* Problem *
The response should contain all of the records, copied exactly, and none of the images.

* Source information *

_ _ _

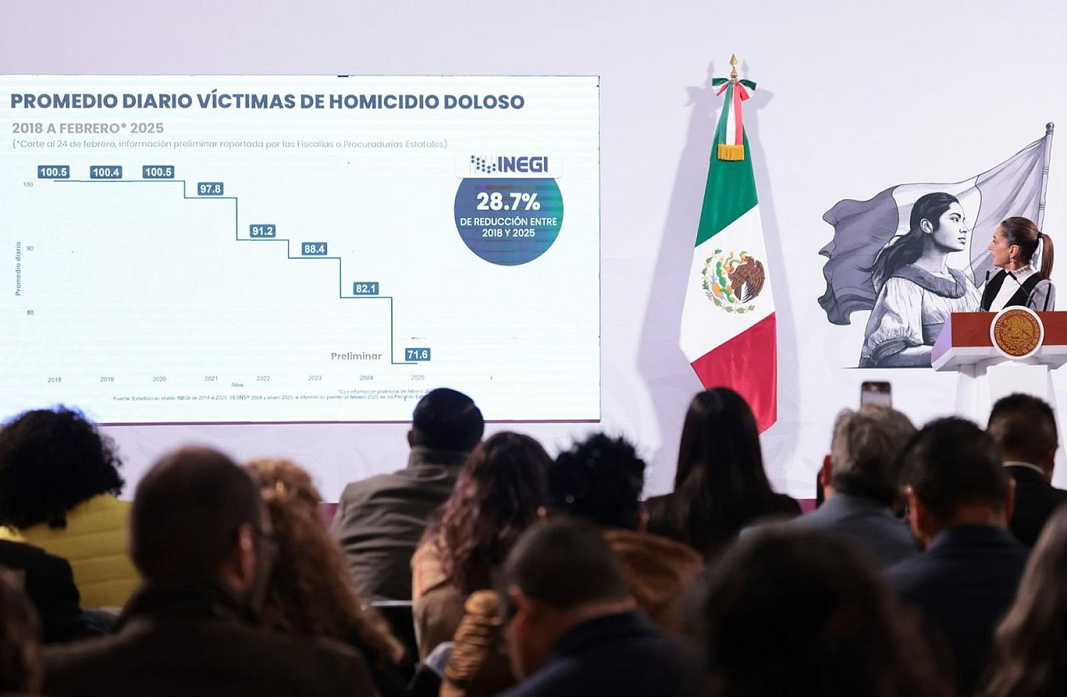 CIUDAD DE MÉXICO.- La presidenta de México, Claudia Sheinbaum Pardo, destacó que de acuerdo con datos preliminares, del 2018 al 24 de febrero de 2025, se ha logrado una reducción del 28.7 por ciento en el promedio diario de víctimas de homicidio doloso en el país, además de que, gracias a la Estrategia Nacional de Seguridad, al cierre de 2024 e inicios del 2025 se han registrado 10 homicidios diarios menos.
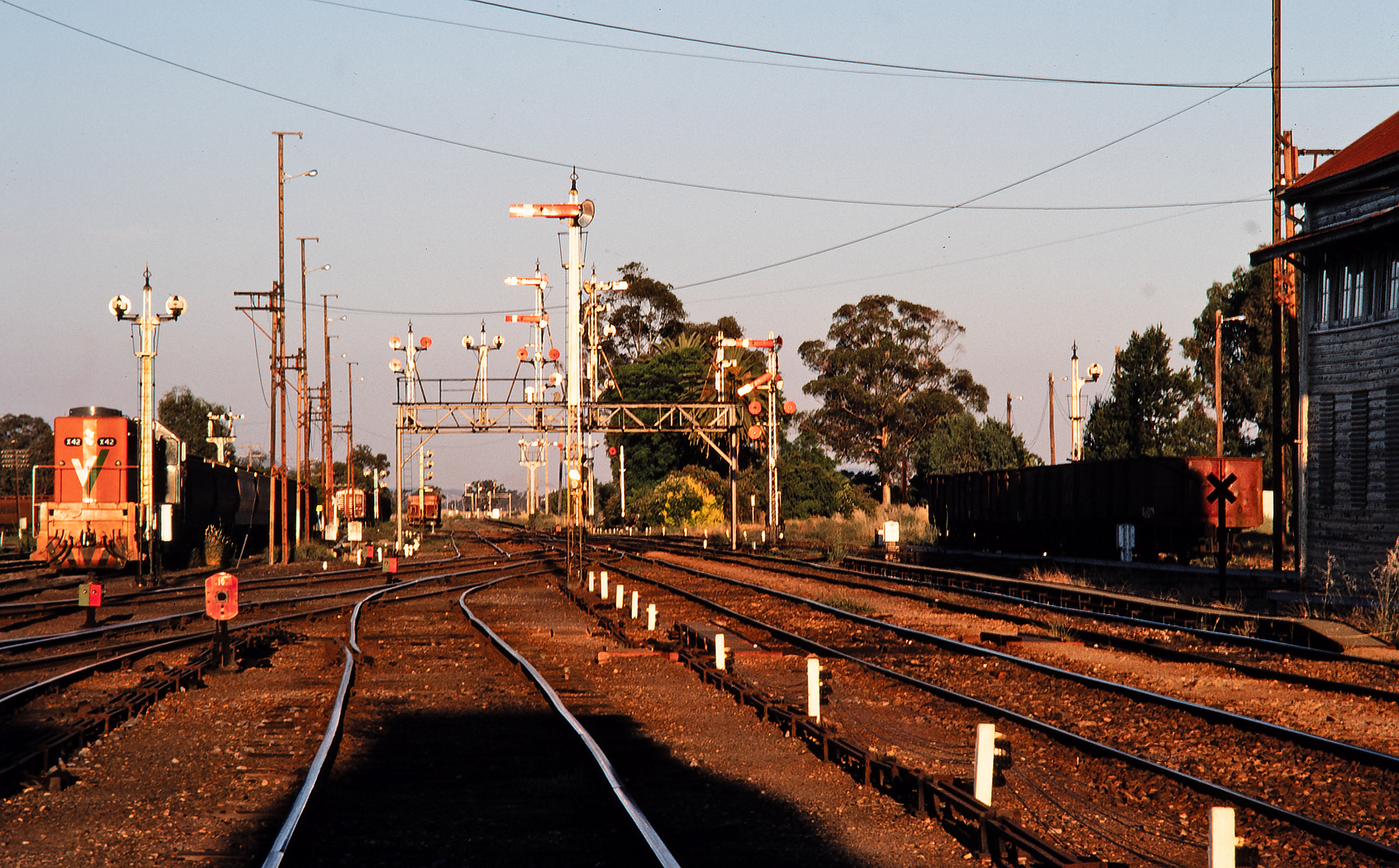 ABOVE: The down home arrivals, Benalla A box is on the right. BELOW: Similar view a bit closer to the signal box. 1987. photos courtesy Noel Bamford.
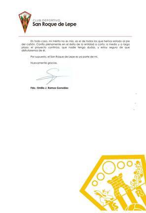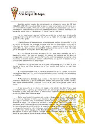 Relevo en la cúpula directiva del San Roque de Lepe. Emilio Ramos abandona el club, tras cesar en sus funciones como director general, cargo que asume a partir de ahora Manolo Santana, quien ejercía hasta el momento de director deportivo. El relevo ha sido motivado por diferencia de criterios con los inversores suecos que poseen la mayoría accionarial de la entidad.
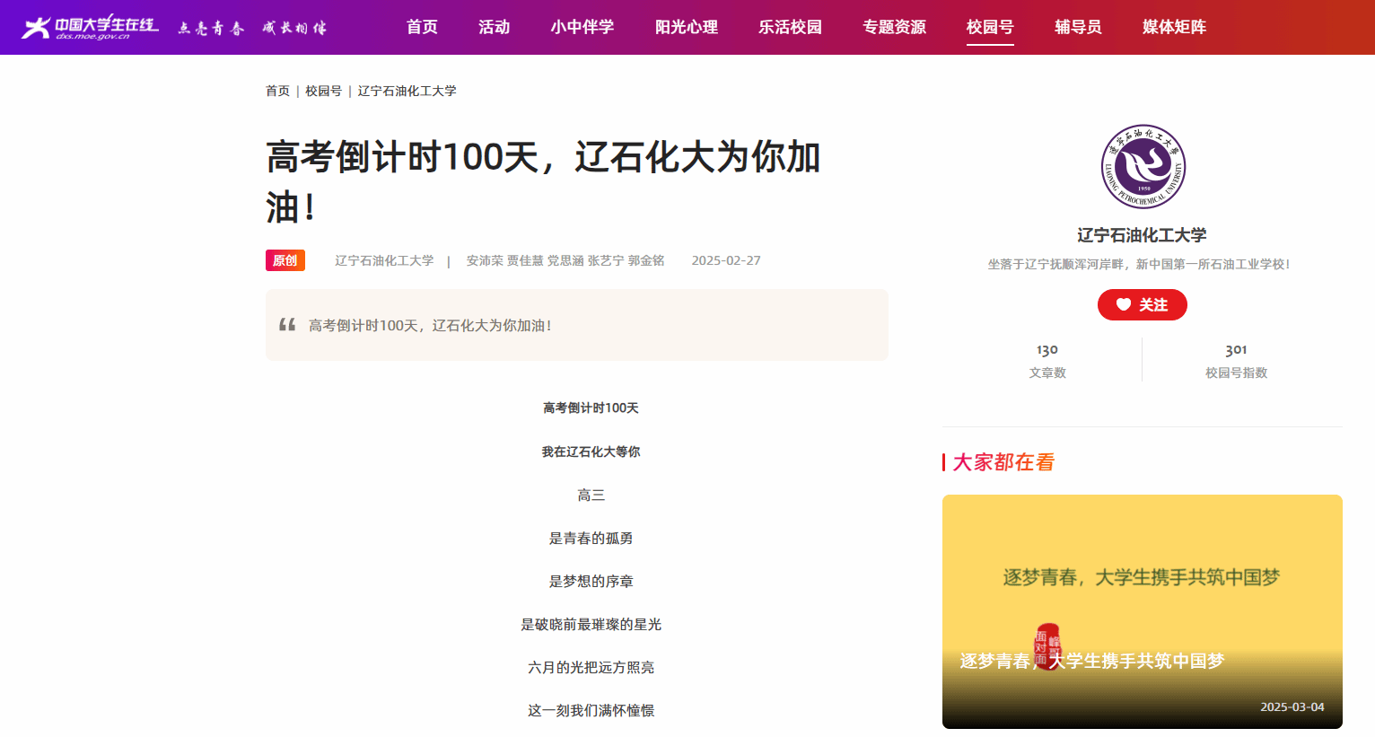 编者按:高考倒计时100天,学校新媒体学子撰文《辽石化大为你加油!》,为2025高考生精心制作加油大礼包。教育部中国大学生在线网对此文进行了宣传。现将相关报道转载如下:
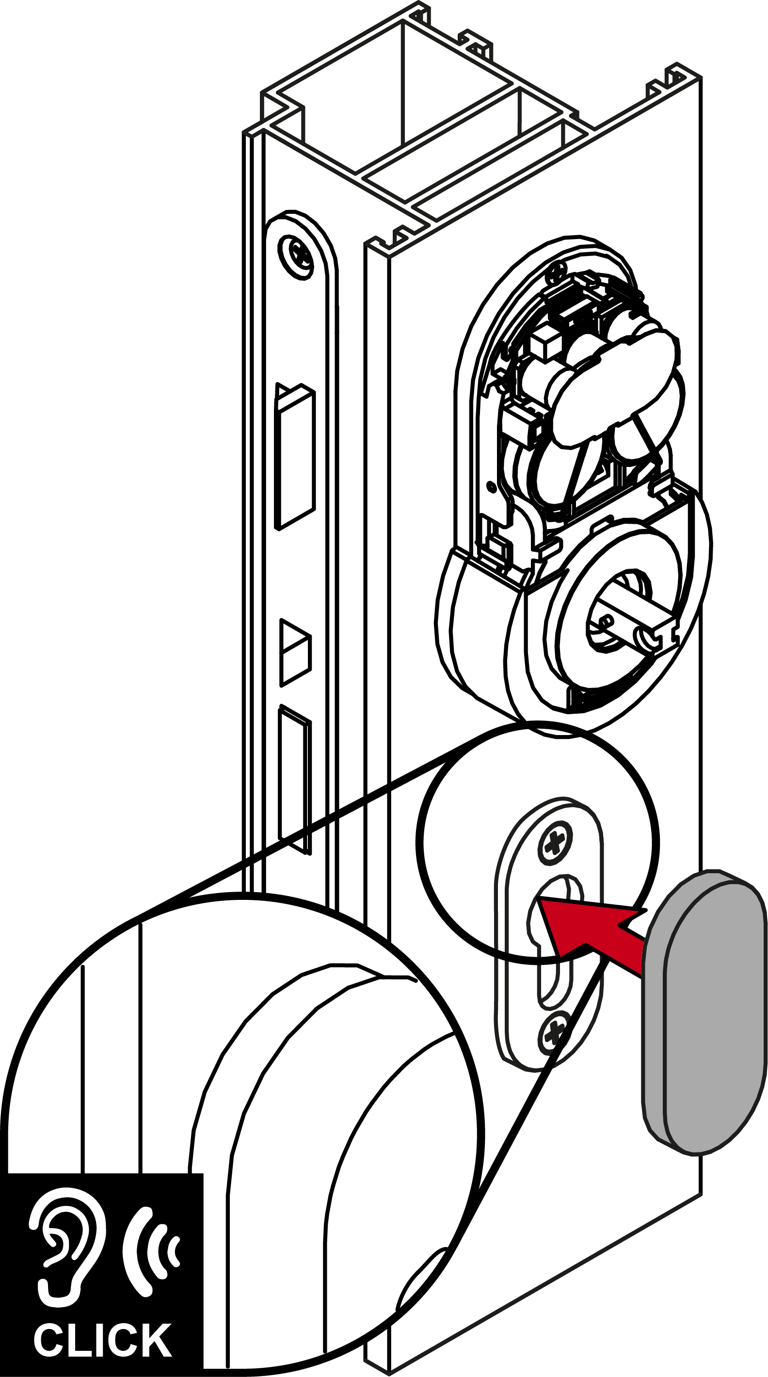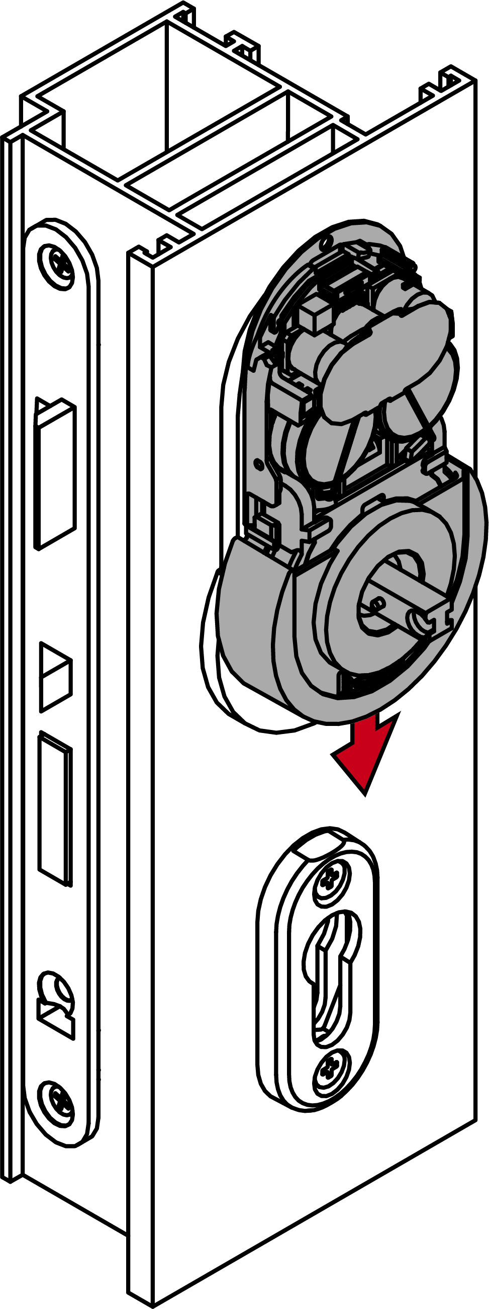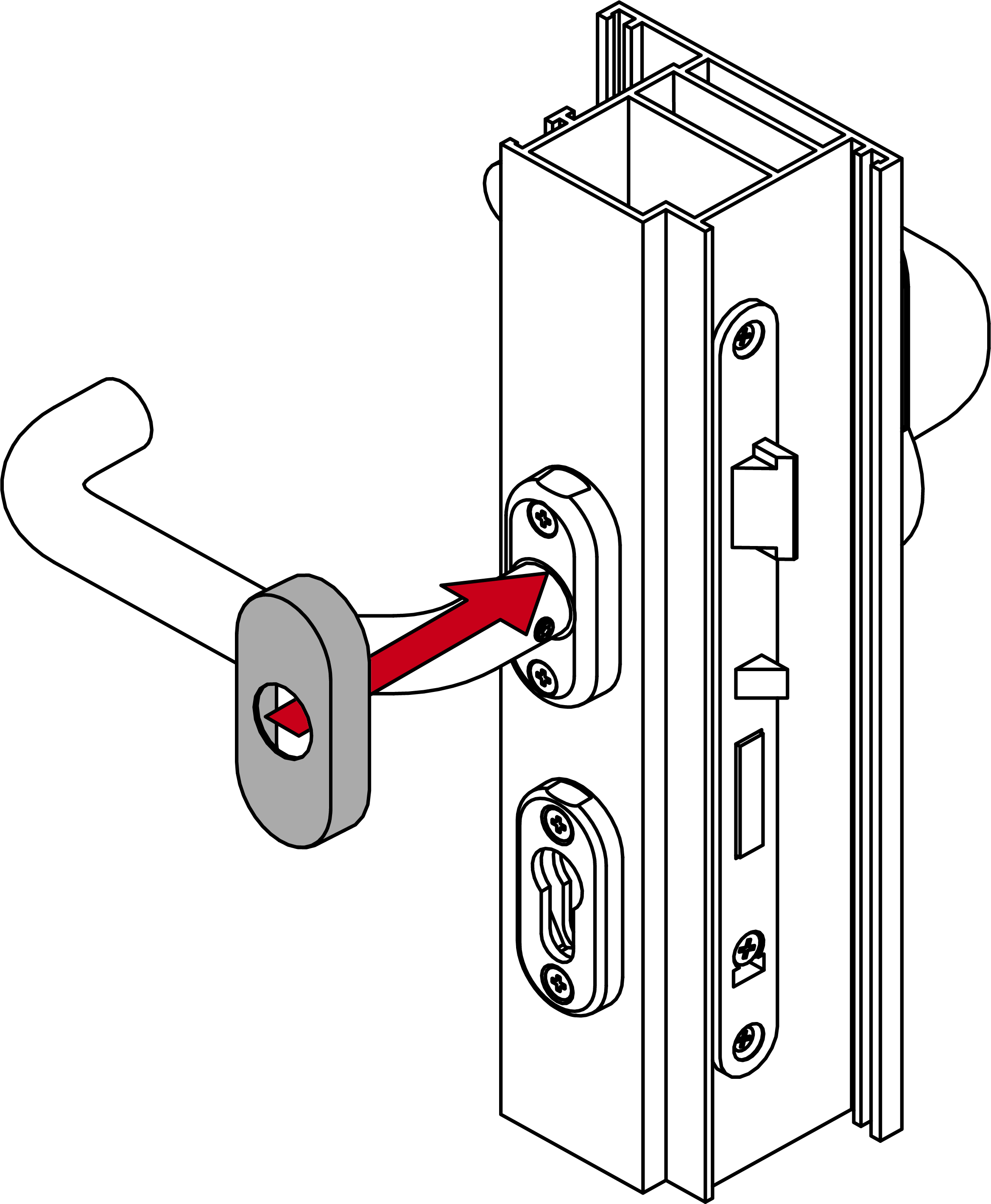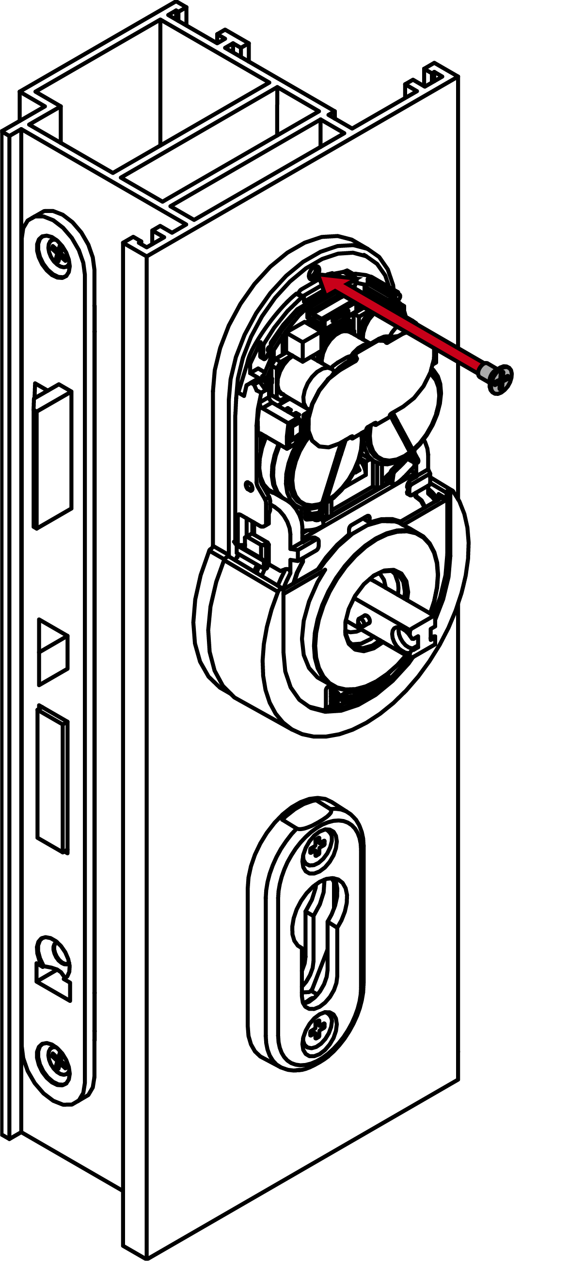 - Screw the inner handle unit onto the spindle (PH2, torque 1.1 Nm).

_ _ _

* Written solution *
 CIUDAD DE MÉXICO.- La presidenta de México, Claudia Sheinbaum Pardo, destacó que de acuerdo con datos preliminares, del 2018 al 24 de febrero de 2025, se ha logrado una reducción del 28.7 por ciento en el promedio diario de víctimas de homicidio doloso en el país, además de que, gracias a la Estrategia Nacional de Seguridad, al cierre de 2024 e inicios del 2025 se han registrado 10 homicidios diarios menos.
 ABOVE: The down home arrivals, Benalla A box is on the right. BELOW: Similar view a bit closer to the signal box. 1987. photos courtesy Noel Bamford.
 Relevo en la cúpula directiva del San Roque de Lepe. Emilio Ramos abandona el club, tras cesar en sus funciones como director general, cargo que asume a partir de ahora Manolo Santana, quien ejercía hasta el momento de director deportivo. El relevo ha sido motivado por diferencia de criterios con los inversores suecos que poseen la mayoría accionarial de la entidad.
 编者按:高考倒计时100天,学校新媒体学子撰文《辽石化大为你加油!》,为2025高考生精心制作加油大礼包。教育部中国大学生在线网对此文进行了宣传。现将相关报道转载如下:
 - Screw the inner handle unit onto the spindle (PH2, torque 1.1 Nm).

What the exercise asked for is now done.